Promise Debuts 4X Thunderbolt RAID Box
Promise Technology announced a smaller version of its Pegasus RAID storage box that integrates 2.5-inch hard drives as well as Thunderbolt connectivity.
The company said that it will be offering several versions starting with at least four 250 GB hard drives in a shell that is slightly smaller than a Mac mini computer. The drives can be upgraded by the owners later on, if they wish to do so.
What makes the J4 box interesting is its Thunderbolt interface, which will enable data transfer rates of up to 700 MB/s in read processes if equipped with SSDs. The device also supports daisy-chaining via a second Thunderbolt port. While the initial version of the J4 is exclusively targeting Mac devices, Promise said that it has plans for a Windows version as well.
According to the manufacturer, the device is scheduled to become available in June of this year. There was no information how much the J4 will cost.
No point in wasting money on four 250GB drives just to replace them with something 'better' :-)
http://goo.gl/W94VJ
How much is it? I don't quite think you belong on a hardware forum methinks. lol.
Hopefully they release ones with larger capacities or just leave them empty and let end users throw their own in.
Thunderbolt is theoretically 2x as fast as USB 3.0, (its more like 2.2x in real world due to USB overheads) if your using a HDD with 90MB/s transfer speeds it wont make a difference, if your using a RAID array like being discussed here then TB is a big advantage over USB 3.0 bottlenecks.
Do you mean to say USB "2.0" Because if not your response doesn't make much sense. The article I read put TB head to head with USB 2 & 3.0. TB only finished transferring the file 2.2 seconds faster than USB 3.0. That is nowhere near 2.2x or even 2x faster than USB 3.0. This was a actual speed test done by transferring files to an SSD Macbook, so forget theoretical speeds. The whole point of my first post was to make it understood that Apple's "theoretical" TB speed predictions are way off mark. Take into account the extra money you have to spend to buy the TB cable and the extra speed doesn't really seem like increased value. As for the RAID array, that's a moot point seeing ass if you did the same thing in a USB 3.0 array you would remove the bottlenecks and still not have to spend extra money on proprietary equipment. So yes a RAID TB set up would beat the hell out of a single USB 3.0 drive, but it would only marginally exceed the same RAID USB 3.0 set up. Not trying to be a dick, it's just that unless you meant 2.0 instead of "3.0", your post makes little sense.

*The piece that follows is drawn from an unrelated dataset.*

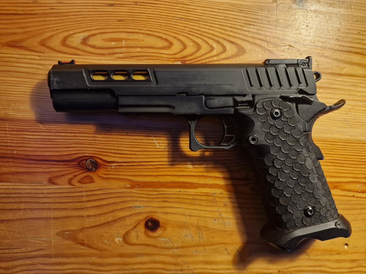Eladó a képen látható, megkímélt állapotban lévő taiwangunról vásárolt pisztoly eredeti dobozában. Pár játékon volt, kertben lövöldöztem vele. Nem volt gyilkolva, leejtve stb. Felhúzásra az összes lőszert kilövi, és néha megakad a szán a kakasban. Alkatrésznek is tökéletes, de ha nekiáll az ember meg lehet javítani. Adok mellé 2 tárat és egy becsatolós műanyag tokot. Az ár alkuképes. Piliscsabán megtekinthető, postázni tudom a vevő terhére, valamint személyesen át tudom adni budapesten, és a budapest esztergom vasútvonalon.

TB lays waste to FW800. I wish they'd release some 2.5" TB enclosures that I could find out my local retailer.
No I did not mean USB 2.0 I meant 3.0, in the test you mentioned the speeds were the same because both of them were a lot faster than the drive being tested. In a RAID environment its entirely possible that 4 drives could surpass the bandwidth of USB 3.0 (625MB/s theoretical,
I am NOT paying $50 for a stupid cable. I'm sorry. I'll pay extra money for devices that have the electronics built in, but it's just idiotic to move expensive parts to a component that frequently breaks.
What about eSATA? The cables cost next to nothing and it's about as fast as plugging it into the motherboard directly.
Yes eSATA is quick too but it also requires external/additional power.